* DATA TO EXAMINE:
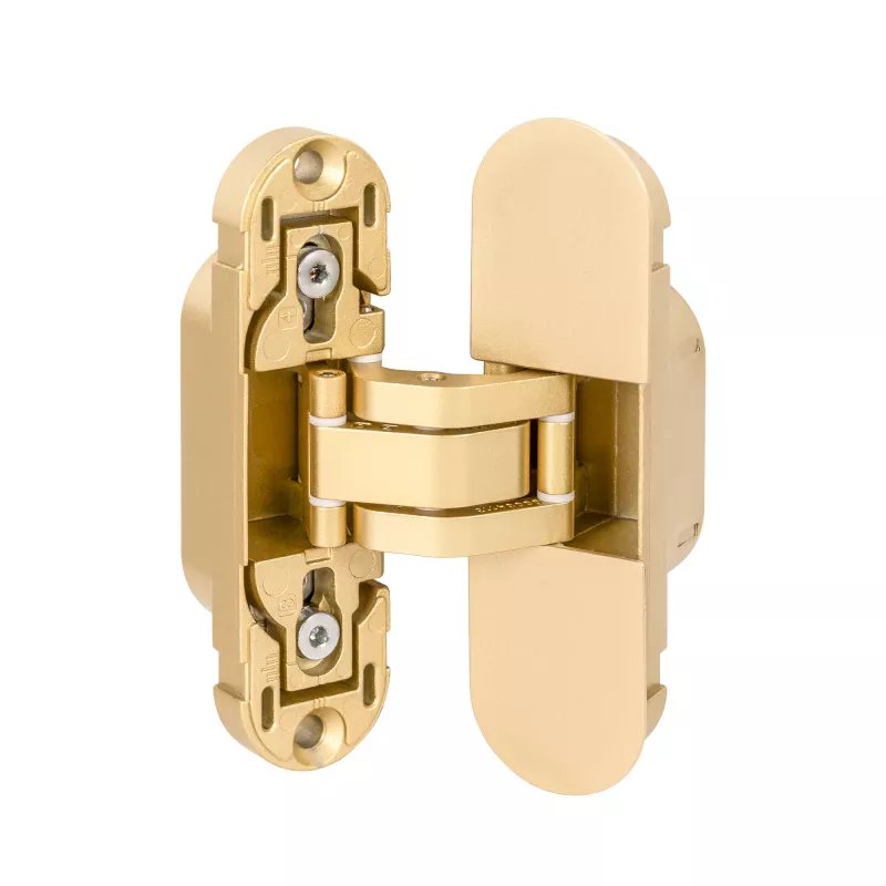 Eclipse 2.2 - универсальная петля скрытой установки для левых и правых дверей, с уменьшенной толщиной до 21 мм в коробку. Регулируется в трёх плоскостях: по горизонтали ±1,5 мм, высоте ±2 мм и притвору ±1 мм. Нагрузка до 60 кг на две петли, до 80 кг на три петли. Петля открывается на 180° и может использоваться с доводчиком. Декоративные накладки в комплекте. Материал: ЦАМ. Цвет: матовая латунь.
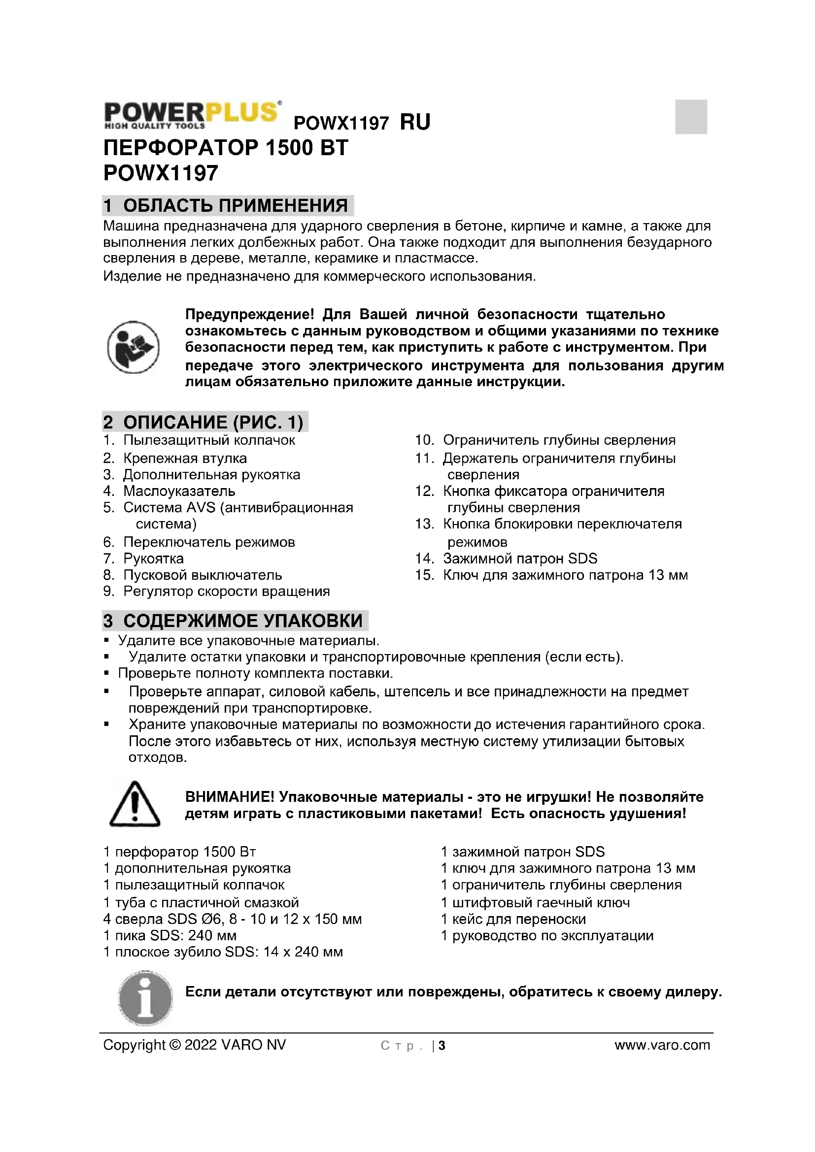 POWX1197 - дрель PowerPlus - Бесплатное руководство пользователя
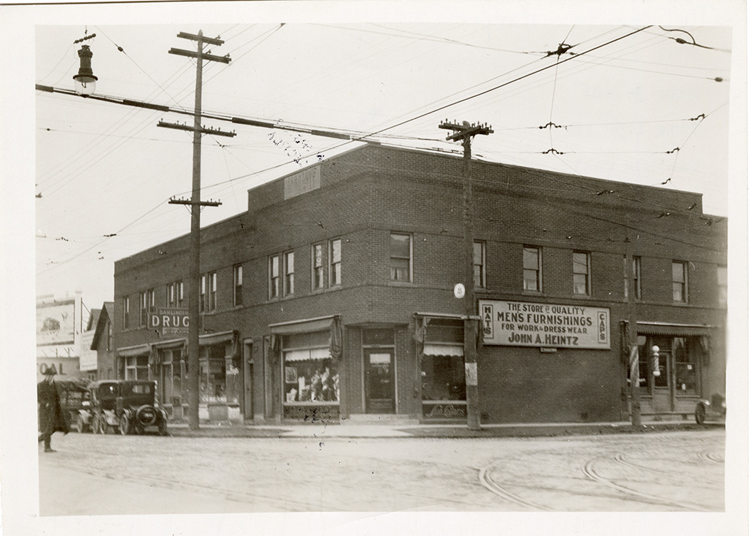 View of Dahlinger drugstore and John A. Heintz men's store at the corner of Harper Ave. and Van Dyke. Sign on building reads: "The store of quality, men's furnishings, hats, caps, for work & dresswear, John A. Heintz." Typed on back: "#202. Date: 3-7-21. Time: 1:52 PM. Weather dull. Direction: looking west. Location: 42' E. of E. Van Dyke curb line on S. Harper curb line. Subject: Showing west corner of Harper & Van Dyke. Detail of streets, obstructions, overhead, etc."
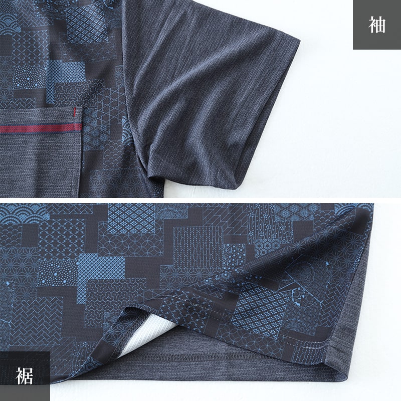 接触冷感 メンズ 半袖 ヘンリーネック 和柄 メンズ 夏 大きいサイズ 和風 M~4L
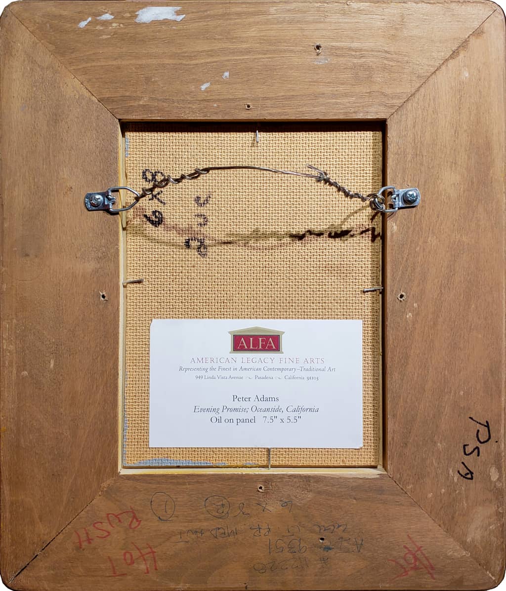 Peter Adams Available Work Archives Biography Press and Publications Commissions Art Reviews Studio Visit Peter AdamsEvening Promise; Oceanside, CaliforniaOil on panel8" x 6", artworkContemporary$2,300 In stock Evening Promise; Oceanside, California quantity Purchase Now Request More Information Provenance Acquired by American Legacy Fine Arts directly from the artist Exhibited A Collector's Feast, American Legacy Fine Arts, November 16 – December 15, 2018 Need help? Call our ALFA specialists +1 626.577.7733 Additional Available Artwork by Peter Adams
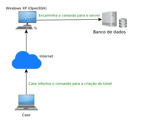 Mas qual o real motivo de querer instalar um servidor SSH no Windows XP? Simples. Case quer fazer um túnel SSH através dele (usá-lo como um tipo de ponte), e assim poder fazer mais testes de acesso nos servidores de banco de dados.
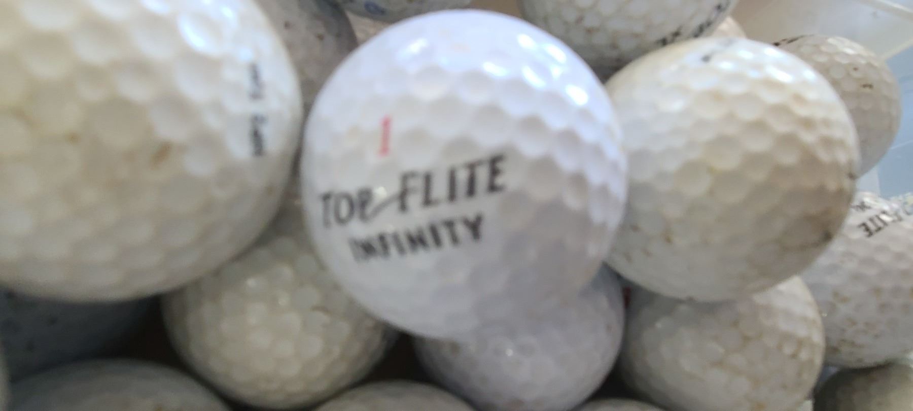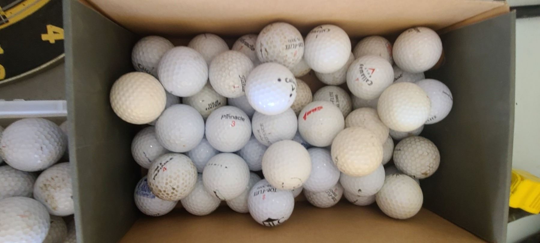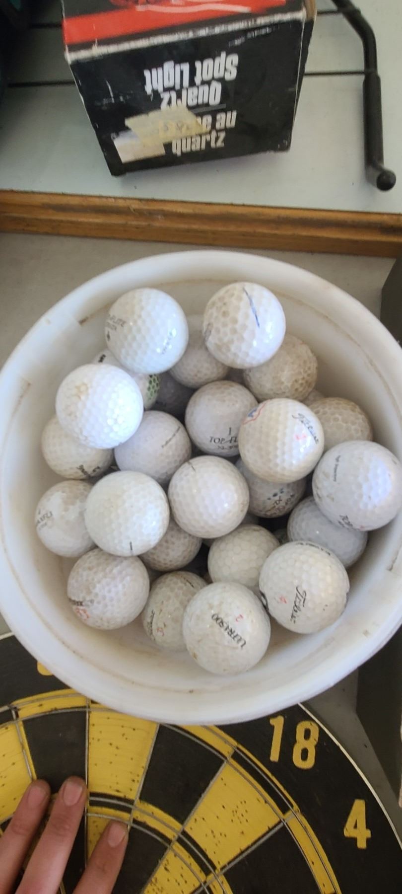 LARGE LOT OF GOLF BALLS 150+/- PLUS DART BOARD
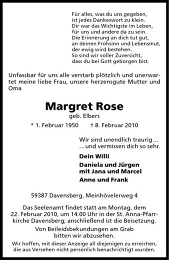 Hier finden Sie alle Traueranzeigen aus der Zeitung, die bisher für Margret Rose erschienen sind. Weitere Traueranzeigen, die in der Zeitung erscheinen, werden hier ebenfalls aufgelistet
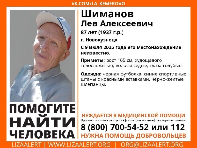 Волонтеры ПСО "ЛизаАлерт" проинформировали, о том, что в Новокузнецке без вести пропал 87-летний Шиманов Лев Алексеевич. С 9 июля информация о его местонахождении остается неизвестной.
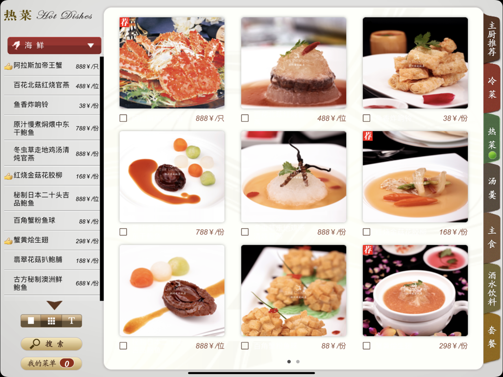 餐厅替代传统菜单的电子菜单,可以灵活的管理和使用。有餐厅广告、时价菜、推荐菜等特殊选项,给客人直接使用。
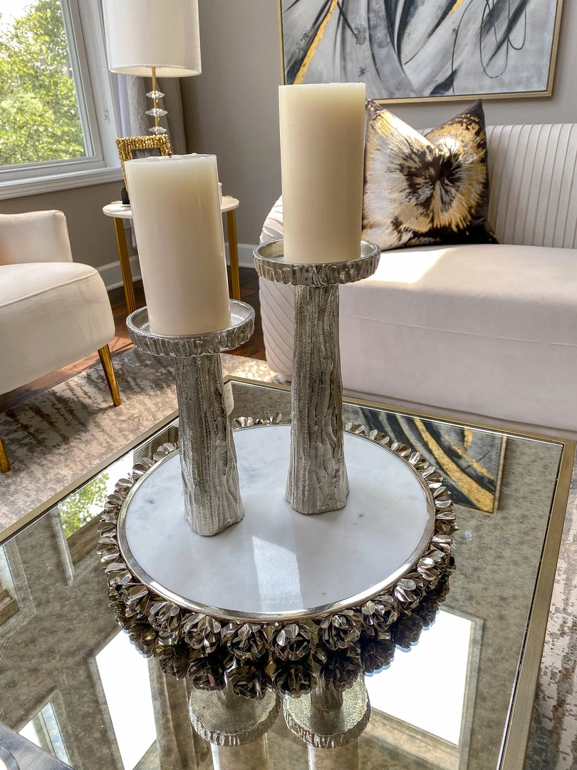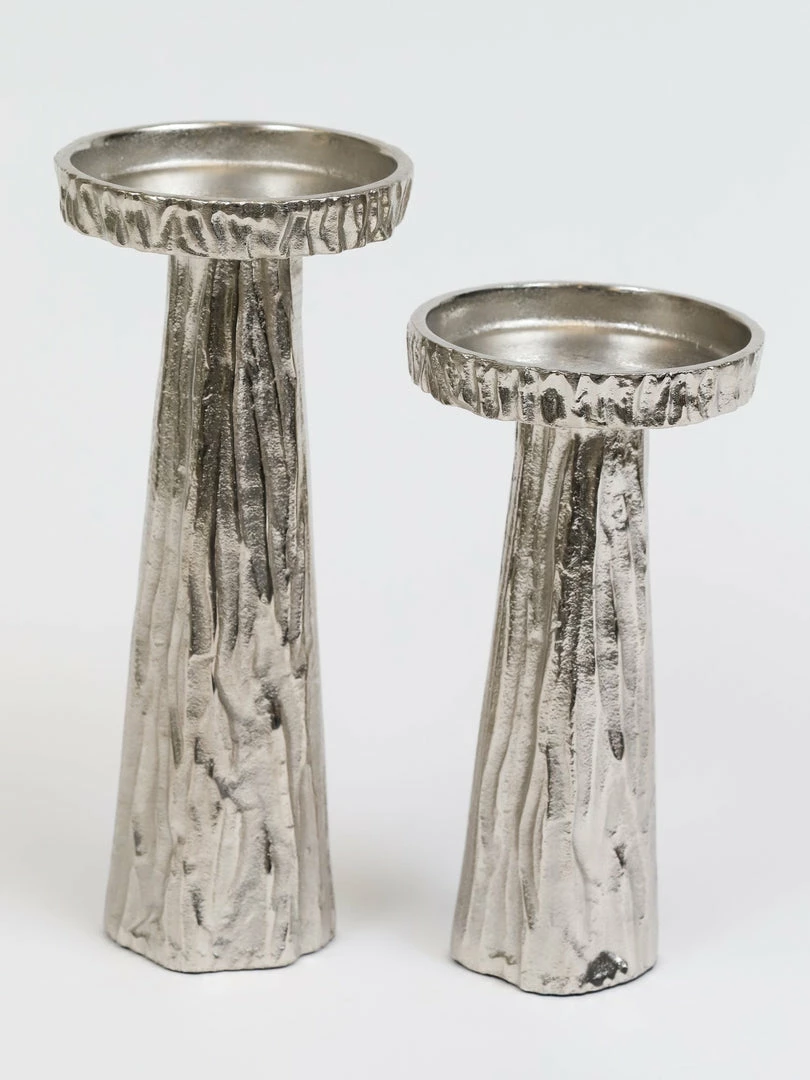 Description: These branch detail candle holders are a perfect organic accessory! Available in 2 sizes, and in Gold or Silver!
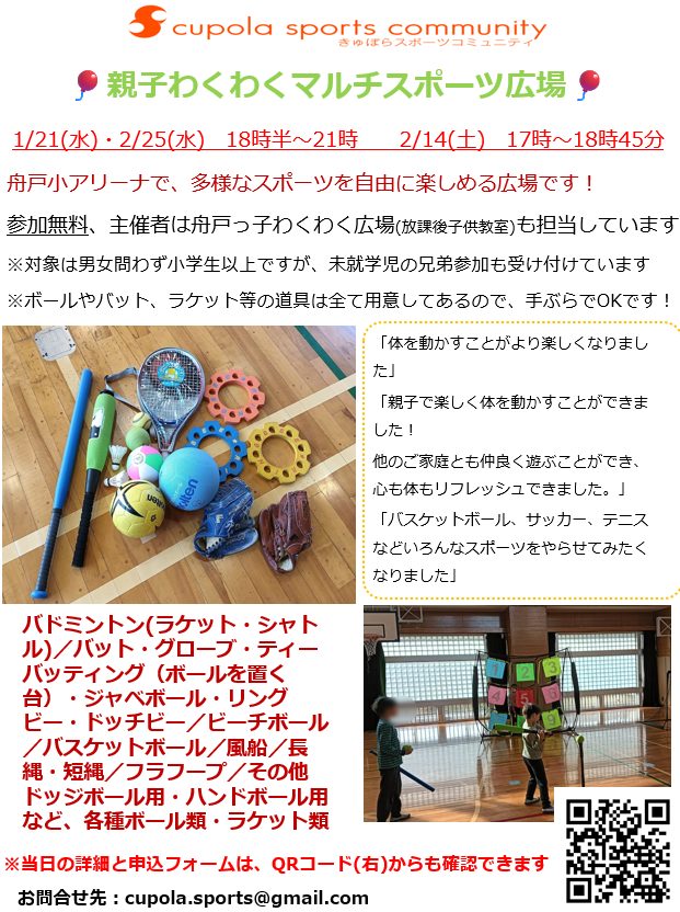 舟戸小 親子わくわくマルチスポーツ広場のお知らせ
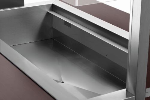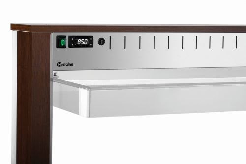 Die mobile Buffetlösung im modernen Holzdesign – Der Buffetwagen mit Hustenschutz und LED-Beleuchtung fasst 4 GN-Behälter 1/1 GN und hält mit dem Wasserbad-Prinzip Speisen schonend und ansprechend am Buffet warm.
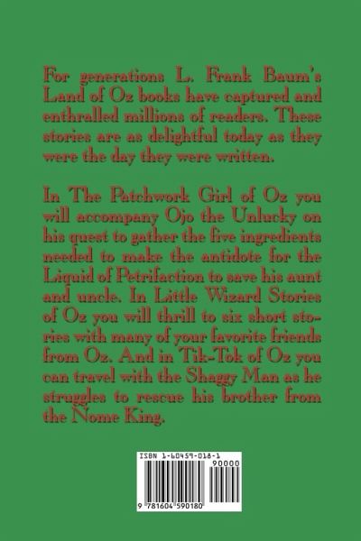 For generations L. Frank Baum's Land of Oz books have captured and enthralled millions of readers. These stories are as delightful today as they were the day they were written. In The Patchwork Girl of Oz you will accompany Ojo the Unlucky on his quest to gather the five ingredients needed to make the antidote for the Liquid of Petrifaction to save his aunt and uncle. In Little Wizard Stories of Oz you will thrill to six short stories with many of your favorite friends from Oz. And in Tik-Tok of Oz you can travel with the Shaggy Man as he struggles to rescue his brother from the Nome King.
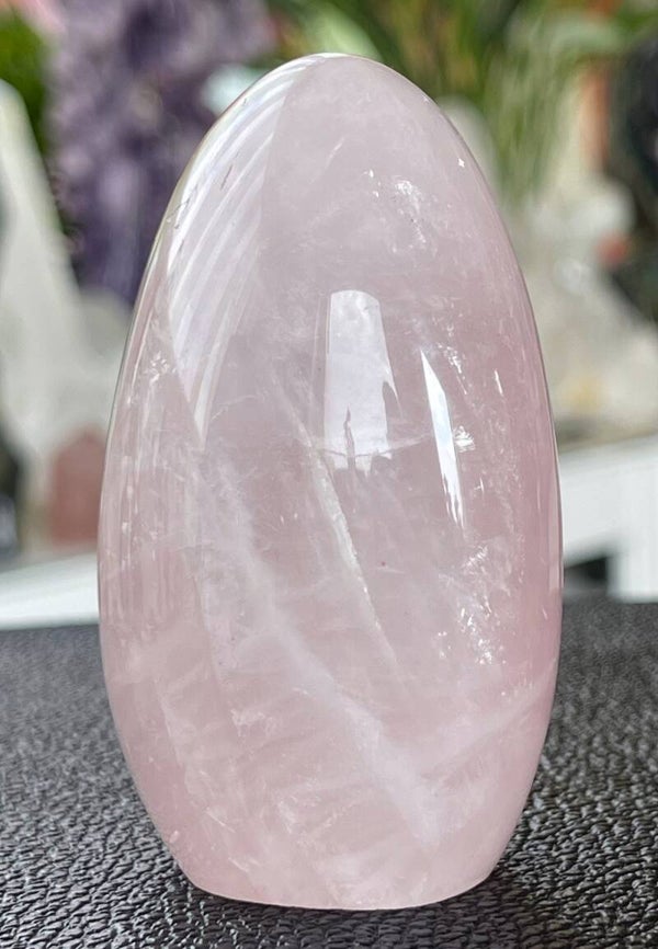 Rozenkwarts free form sculptuur uit Madagascar, staand, medium
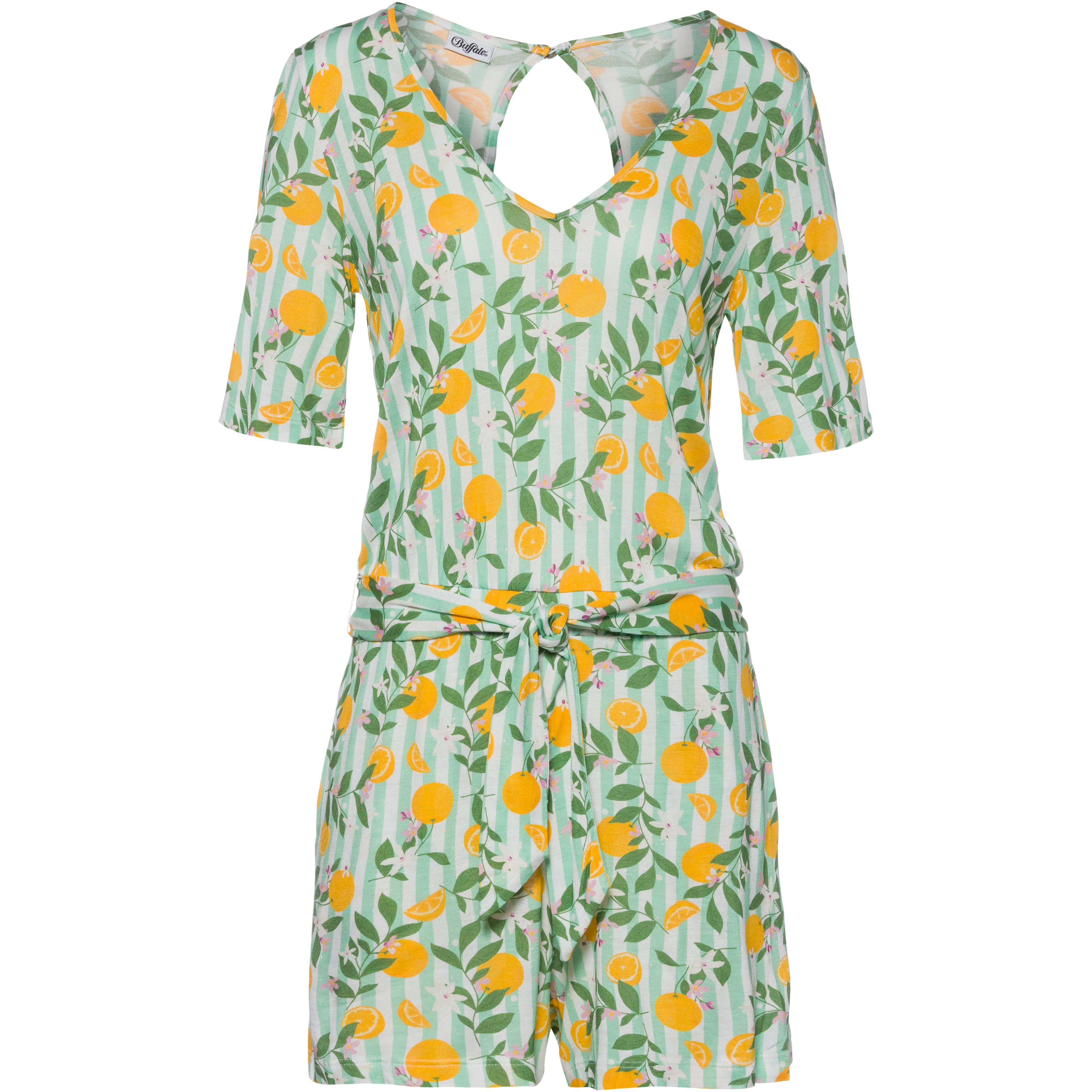 Kurzer Overall aus weichem, fließendem Viskosejersey, mit sommerlichem Alloverprint; V-Ausschnitt; tiefer Rückenausschnitt (Länge ca. 40 cm) mit Knopf-und Ösenverschluss im Nackenbereich; Taillierung durch Gummibund und breitem Bindegürtel; 2 seitliche Eingriffstaschen; Recyclingmaterial; Material 100% Viskose.

* DESCRIPTION OF THE TASK:
Word for word, set down the lines from the line with "Description: These branch" through the last line of the entries, and nothing else; the pictures stay out.

* WRITTEN RESPONSE:
 Description: These branch detail candle holders are a perfect organic accessory! Available in 2 sizes, and in Gold or Silver!
 舟戸小 親子わくわくマルチスポーツ広場のお知らせ
 Die mobile Buffetlösung im modernen Holzdesign – Der Buffetwagen mit Hustenschutz und LED-Beleuchtung fasst 4 GN-Behälter 1/1 GN und hält mit dem Wasserbad-Prinzip Speisen schonend und ansprechend am Buffet warm.
 For generations L. Frank Baum's Land of Oz books have captured and enthralled millions of readers. These stories are as delightful today as they were the day they were written. In The Patchwork Girl of Oz you will accompany Ojo the Unlucky on his quest to gather the five ingredients needed to make the antidote for the Liquid of Petrifaction to save his aunt and uncle. In Little Wizard Stories of Oz you will thrill to six short stories with many of your favorite friends from Oz. And in Tik-Tok of Oz you can travel with the Shaggy Man as he struggles to rescue his brother from the Nome King.
 Rozenkwarts free form sculptuur uit Madagascar, staand, medium
 Kurzer Overall aus weichem, fließendem Viskosejersey, mit sommerlichem Alloverprint; V-Ausschnitt; tiefer Rückenausschnitt (Länge ca. 40 cm) mit Knopf-und Ösenverschluss im Nackenbereich; Taillierung durch Gummibund und breitem Bindegürtel; 2 seitliche Eingriffstaschen; Recyclingmaterial; Material 100% Viskose.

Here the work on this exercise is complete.